Lake Stevens Food Bank outgrows its current space as families in need continue to riseBY CHUCK TUCK | JOURNAL REPORTER Thanks to the good hearts of many Lake Stevens citizens, the Food Bank is still doing well despite the increase in the price of gas.
Even though the increase in gas prices has affected many families in nearly every aspect of their daily life, the spirit of giving continues.
“We haven’t felt the gas price increase hit us yet,” Dona Ferro of the Food Bank said.
By the looks of things, and all the people waiting for the Food Bank’s assistance, all was normal as could be.
Two young men, each carrying a box of groceries, said if it wasn’t for the food bank, things would be very tough.
“I haven’t felt like they have given me any less food because of the price of gas,” said one of the young men.

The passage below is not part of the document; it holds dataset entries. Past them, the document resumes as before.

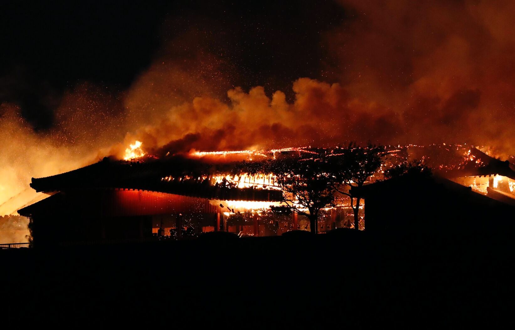 El incendio en Naha, la capital de la prefectura Okinawa, comenzó por la mañana en la estructura principal del castillo. El templo principal, “Seiden”, y la estructura “Hokuden”, o sala norte, quedaron totalmente calcinados. Una tercera estructura, “Nanden” o sala sur, está a punto de quedar destruida, indicó Kochi.
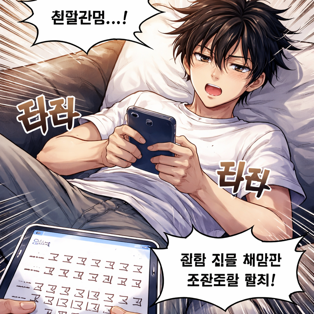 ![주인공이 소파에 누워 성의 없이 스마트폰 자판을 툭툭 치는 모습. 화면에는 "ㄱㄱㄱㄱㄱ"가 가득함. "아, 귀찮은데... 일단 대충 채워서 포인트만 받자!" (효과음: 타닥타닥) [단순 반복 금지] 의미 없는 자음/모음, 특수문자 나열은 반려 대상입니다.](https://media.mangaai.com/ec258986-0f52-495d-a492-b8632127830a.png)
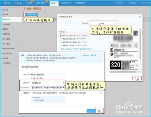 返回B店铺,设置>>>>>添加快递模板,选择分享好的账号,完成电子面单模板添加。

The immediate need for the Food Bank is apparent when you walk into the cramped working areas where volunteers hustle around sorting and taking inventory of their goods.
“What we really need is a larger building; we have outgrown this one year’s ago,” Ferro said. “You can see it’s difficult to move around when you get two people back here.”
Ferro says that it would be a good thing if they could find an affordable place with more room to store their inventory and help the increasing number of families that are in need of the Food Bank’s services.
“We serve over 250 families now,” Ferro commented. “And the numbers are growing.”
Donations are being accepted at all Lake Stevens banks thru June, and people are encouraged to continue giving what they can to help other families who are less fortunate. You can also bring food to the Lake Stevens Journal, 1909 South Main St.
Cash donations can be very helpful and go a long way to help with proper food rations to make a properly balanced diet.